• _Stored data_
◇ ◇ ◇
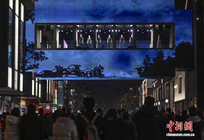 1月5日,爱尔兰国宝级舞剧《大河之舞》在浙江杭州西湖附近的西子廊桥上演,吸引游人驻足观看。(图片来源:本文图片均据中新网)
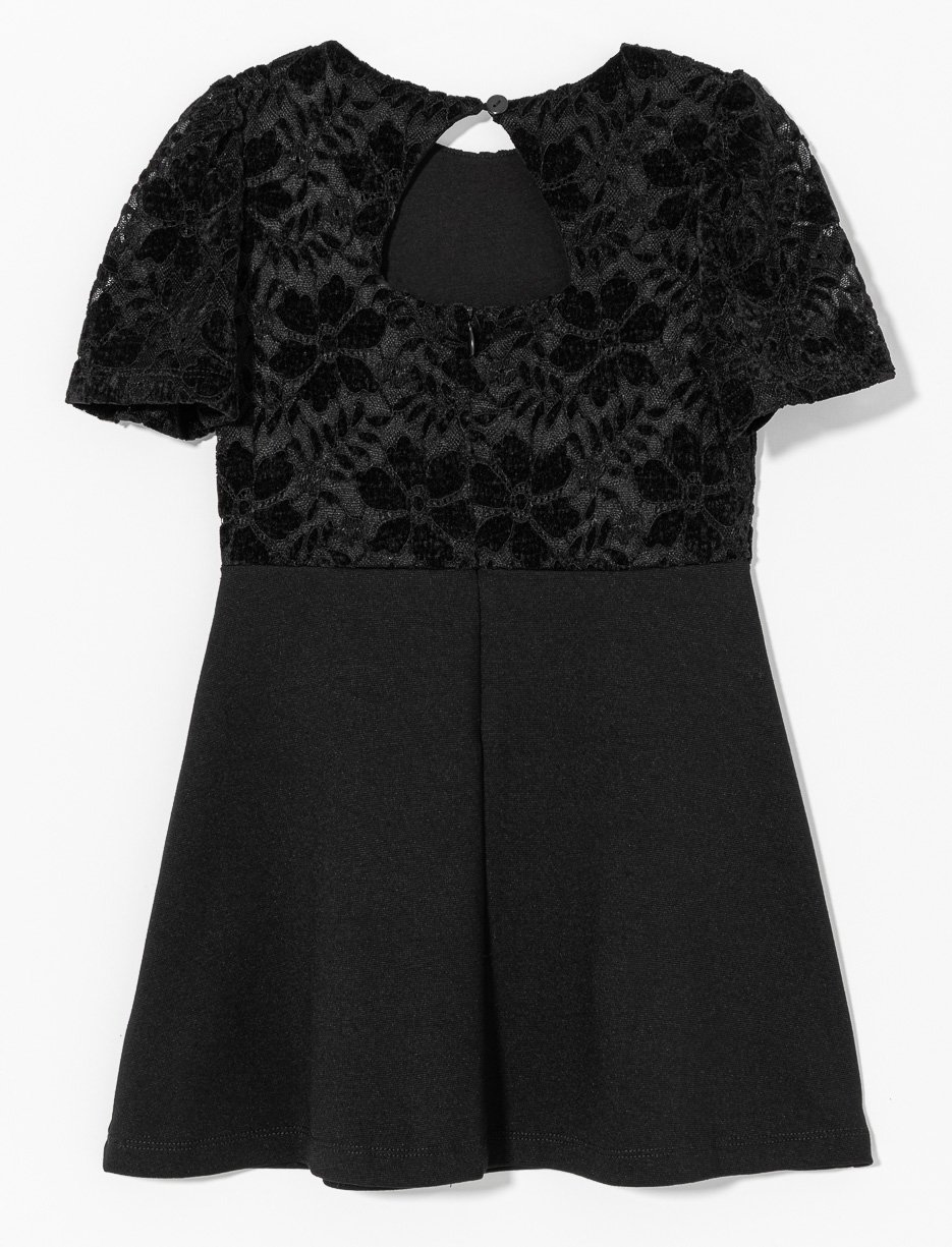 Give your little one a touch of elegance with this delicate lace dress featuring short sleeves and a flared hem. The back keyhole detail adds both comfort and charm for any special occasion.
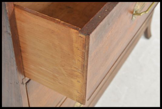 A Georgian 19th century mahogany linen press / wardrobe over chest of drawers. Bracket feet supporting a chest of two short drawers over two long. Double panel door press with slides to the inside, flared edge cornice above.Measures 214H x 118 W x 54D cms.
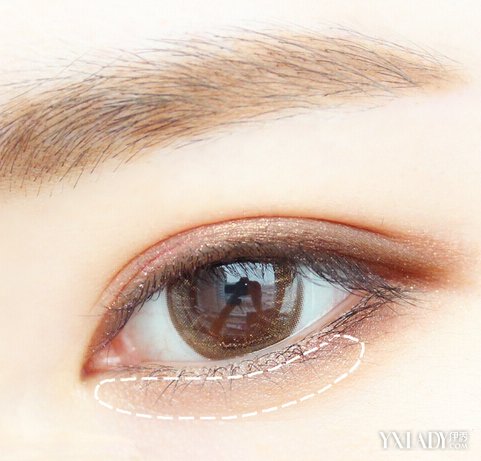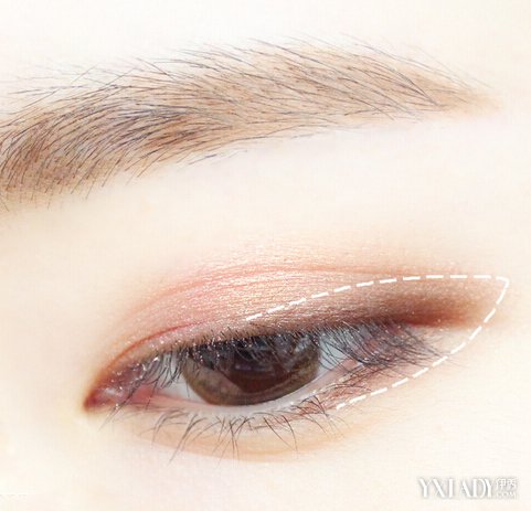 接着用闪棕色的眼影,扫在上图的白色虚线内。记得,眼影要选择带有一点点珠光效果的,但是亮片不要太大,这样的效果比哑光的要好很多哦。
◇ ◇ ◇
• _Assignment_
Please give all of the data again, exact and free of pictures.

• _Solution_
 1月5日,爱尔兰国宝级舞剧《大河之舞》在浙江杭州西湖附近的西子廊桥上演,吸引游人驻足观看。(图片来源:本文图片均据中新网)
 Give your little one a touch of elegance with this delicate lace dress featuring short sleeves and a flared hem. The back keyhole detail adds both comfort and charm for any special occasion.
 A Georgian 19th century mahogany linen press / wardrobe over chest of drawers. Bracket feet supporting a chest of two short drawers over two long. Double panel door press with slides to the inside, flared edge cornice above.Measures 214H x 118 W x 54D cms.
 接着用闪棕色的眼影,扫在上图的白色虚线内。记得,眼影要选择带有一点点珠光效果的,但是亮片不要太大,这样的效果比哑光的要好很多哦。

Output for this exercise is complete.